If you’re unable to SSH into the instance, look at the
system logs in AWS console (select the instance in EC2 console ->
Monitor and troubleshoot ->
Get system log).
If you see
HttpError401 in the output, follow the instructions to configure Puppet to authenticate requests to Ubuntu ESM. Example:
Get:1 https://esm.ubuntu.com/ubuntu/ trusty-security/main libdpkg-perl all 1.17.5ubuntu5.8+esm1 [930 kB] Err https://esm.ubuntu.com/ubuntu/ trusty-security/main libdpkg-perl all 1.17.5ubuntu5.8+esm1 HttpError401 Err https://esm.ubuntu.com/ubuntu/ trusty-security/main dpkg-dev all 1.17.5ubuntu5.8+esm1 HttpError401 E: Failed to fetch https://esm.ubuntu.com/ubuntu/pool/main/d/dpkg/libdpkg-perl_1.17.5ubuntu5.8+esm1_all.deb HttpError401 E: Failed to fetch https://esm.ubuntu.com/ubuntu/pool/main/d/dpkg/dpkg-dev_1.17.5ubuntu5.8+esm1_all.deb HttpError401 E: Unable to fetch some archives, maybe run apt-get update or try with --fix-missing? Error: /Stage[main]/Base/Package[build-essential]/ensure: change from purged to present failed: Execution of '/usr/bin/apt-get -q -y -o DPkg::Options::=--force-confold install build-essential' returned 100: Reading package lists...
If instead you see errors like
dpkg was interrupted, follow the instructions to synchronise GOV.UK apps. Example:
Error: Execution of '/usr/bin/apt-get -q -y -o DPkg::Options::=--force-confold install libxml2-dev' returned 100: E: dpkg was interrupted, you must manually run 'sudo dpkg --configure -a' to correct the problem. Error: /Stage[main]/Base::Packages/Package[libxml2-dev]/ensure: change from absent to present failed: Execution of '/usr/bin/apt-get -q -y -o DPkg::Options::=--force-confold install libxml2-dev' returned 100: E: dpkg was interrupted, you must manually run 'sudo dpkg --configure -a' to correct the problem.

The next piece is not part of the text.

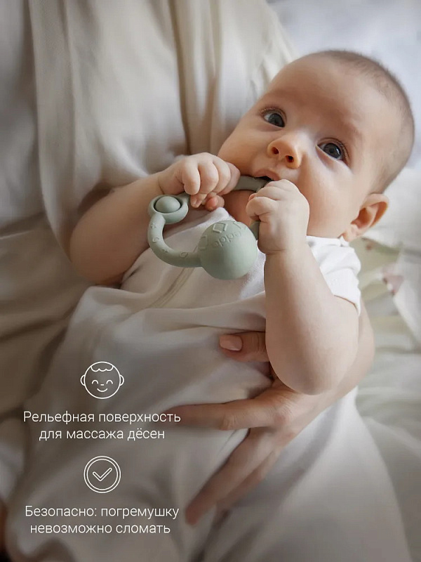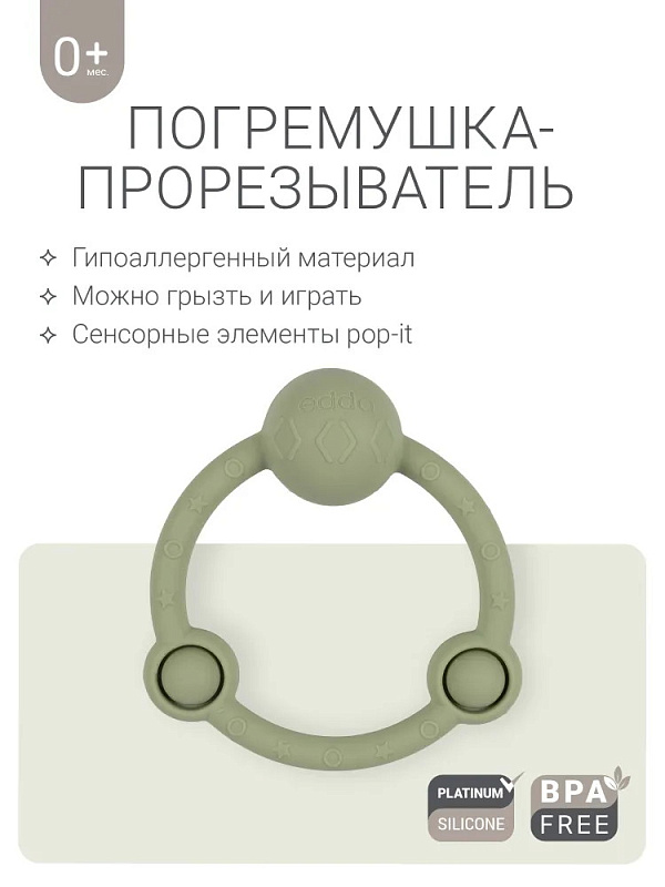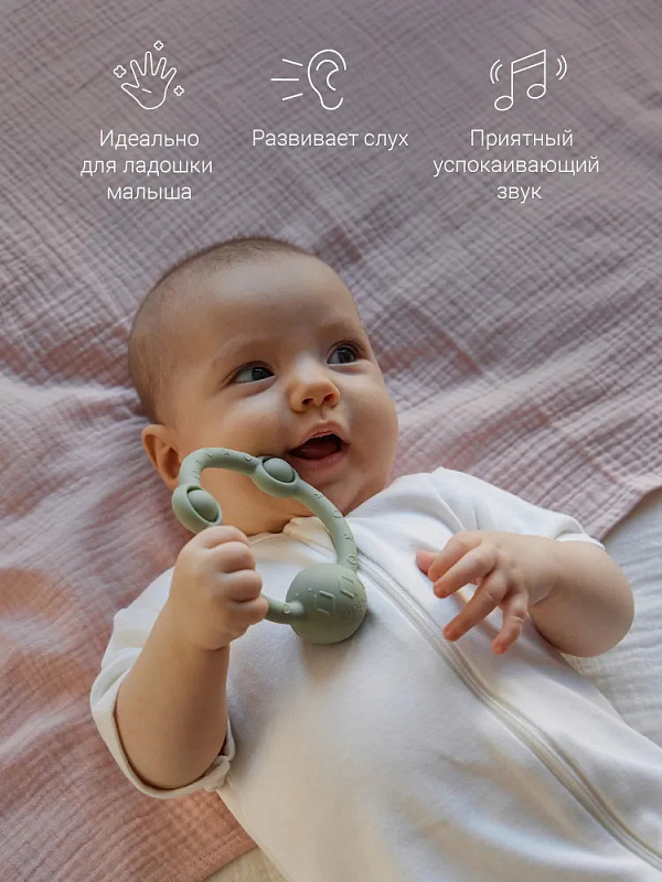 У лёгкой погремушки в виде кольца — эргономичная форма, которая идеально подходит для детских ладошек. Рельефная поверхность массирует дёсны при кусании, но не повреждает их, выполняя функцию прорезывателя. Игрушка развивает моторику и сенсорное восприятие, а элементы pop-it на погремушке-кольце делают игру с ней ещё увлекательнее. Погремушка из гипоаллергенного силикона издаёт успокаивающий звук и развивает ребенка через игру. Спокойные цвета игрушки гармонично впишутся в домашний интерьер.

Info: Class[Nginx::Config]: Scheduling refresh of Class[Nginx::Service] Info: Class[Nginx::Service]: Scheduling refresh of Service[nginx] Notice: /Stage[main]/Nginx::Service/Service[nginx]: Triggered 'refresh' from 1 events Notice: /Stage[main]/Govuk_scripts/Exec[check_boto]: Dependency Package[libxml2-dev] has failures: true Warning: /Stage[main]/Govuk_scripts/Exec[check_boto]: Skipping because of failed dependencies Notice: Finished catalog run in 24.56 seconds
If the above doesn’t work, you could try reprovisioning the machine. If the issue persists, you may need to temporarily disable
unattended reboot by setting
false in common.yaml. You’ll need to deploy the branch of Puppet before creating the new instances again.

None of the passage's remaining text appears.